2. Classification models on top debate (debate num.132 which has >350 rep and 350 dem speech segments)
    1. Results - accuracy greatly improved from general models
    2. Successfully extracted a features set using word2vec Note: could not figure out normalize function 
    3. Didn't see a huge difference in accuracy between NLP feature sets
    4. Question: is there an efficient way to check how accurate a word2vec model is besides checking how it scores the similarity between words I consider similar?
    
3. Attempting Clustering on 14 speakers with the most speech segments - haven't done this yet so here are the steps I'm trying to complete before Tuesday session:
    1. Set up a pipeline that will Build a TFIDF feature set on 80% of sample speeches
    2. Try out a method of clustering on sample speeches - see if there are any obvious patterns
    3. Next step would be based on if obvious pattern pops up

In [29]:
import numpy as np
import pandas as pd
import scipy
import sklearn
import spacy
import matplotlib.pyplot as plt
import seaborn as sns
import re
import time
import os
%matplotlib inline

from sklearn.svm import SVC
from sklearn import ensemble
from sklearn.model_selection import GridSearchCV, cross_val_score, cross_val_predict 
from sklearn.linear_model import LogisticRegression
from sklearn.pipeline import Pipeline, make_pipeline
from sklearn.ensemble import RandomForestClassifier, GradientBoostingClassifier
from nltk.corpus import stopwords
from collections import Counter
from sklearn.feature_extraction.text import TfidfVectorizer, CountVectorizer
nlp = spacy.load('en')

from sklearn.decomposition import TruncatedSVD
from sklearn.preprocessing import Normalizer
from gensim import utils, models
from gensim.utils import simple_preprocess
from gensim.models import Word2Vec


In [5]:
from gensim.test.utils import datapath
from gensim.models import Word2Vec
from gensim.models import word2vec

In [6]:
# create a list of all the file names in the development set
def pywalker(path):
    file_list = []
    for root, dirs, files in os.walk(path):
        for file_ in files:
            file_list.append( os.path.join(root, file_) )
    return file_list
 
if __name__ == '__main__':
    pywalker('/path/to/some/folder')

def import_files(file_list, path):
    debate_list = []
    speaker_list = []
    page_list = []
    page_position_list = []
    party_list = []
    mention_list = []
    vote_list = []
    file_text = []

    for file in file_list:
        # Read the speech segment and add to 
        myfile = open(file)
        file_text.append(myfile.read())
        myfile.close()
        
        file = file.replace((str(path)+'/'),'').replace('.txt','')
        debate_list.append(file[0:3])
        speaker_list.append(file[4:10])
        page_list.append(file[11:15])
        page_position_list.append(file[15:18])
        party_list.append(file[-3])
        mention_list.append(file[-2])
        vote_list.append(file[-1])


    columns = ['file_name', 'debate', 'speaker', 'page', 'page_position', 
               'party', 'mention', 'vote', 'speech']

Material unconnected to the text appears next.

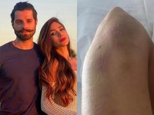 “Oito dias hoje do nascimento da minha bonequinha e as marcas do amor ainda estão por aqui”, escreveu ela no post, onde é possível ver as marcas roxas em um dos braços.

    data = {'file_name':file_list, 'debate':debate_list, 
            'speaker':speaker_list, 'page':page_list, 
            'page_position':page_position_list,
            'party':party_list, 'mention':mention_list, 
            'vote':vote_list, 'speech':file_text}

    text_details = pd.DataFrame(data=data, columns = columns)
    
    return text_details


def random_sort(table):
    table['random'] = np.random.rand(len(table.index),1)
    table = table.sort_values(by='random')
    table = table.reset_index(drop=True).drop(columns='random', axis=1)
    return table

# This function just clears out know features that are not needed
def text_cleaner(text):
    text = re.sub(r'xz[0-9]{7}','', text)
    text = ' '.join(text.split())
    return text

I have a few things I want try
1. See if I am able to create a better classifier if I work with just 1 debate
    * bow
    * tfidf
    * word2vec
2. Cluster on speaker (5 dems & 5 republicans with the most speech segments)

In [43]:
# Set baseline for the accuracy score
dev_text['party'].value_counts()/len(dev_text['party'])

R    0.523538
D    0.476462
Name: party, dtype: float64

In [7]:
dev_path = 'senate/data_stage_one/development_set'
train_path = 'senate/data_stage_one/training_set'
test_path = 'senate/data_stage_one/test_set'
dev_text = import_files(pywalker(dev_path), dev_path)
train_text = import_files(pywalker(train_path), train_path)
test_text = import_files(pywalker(test_path), test_path)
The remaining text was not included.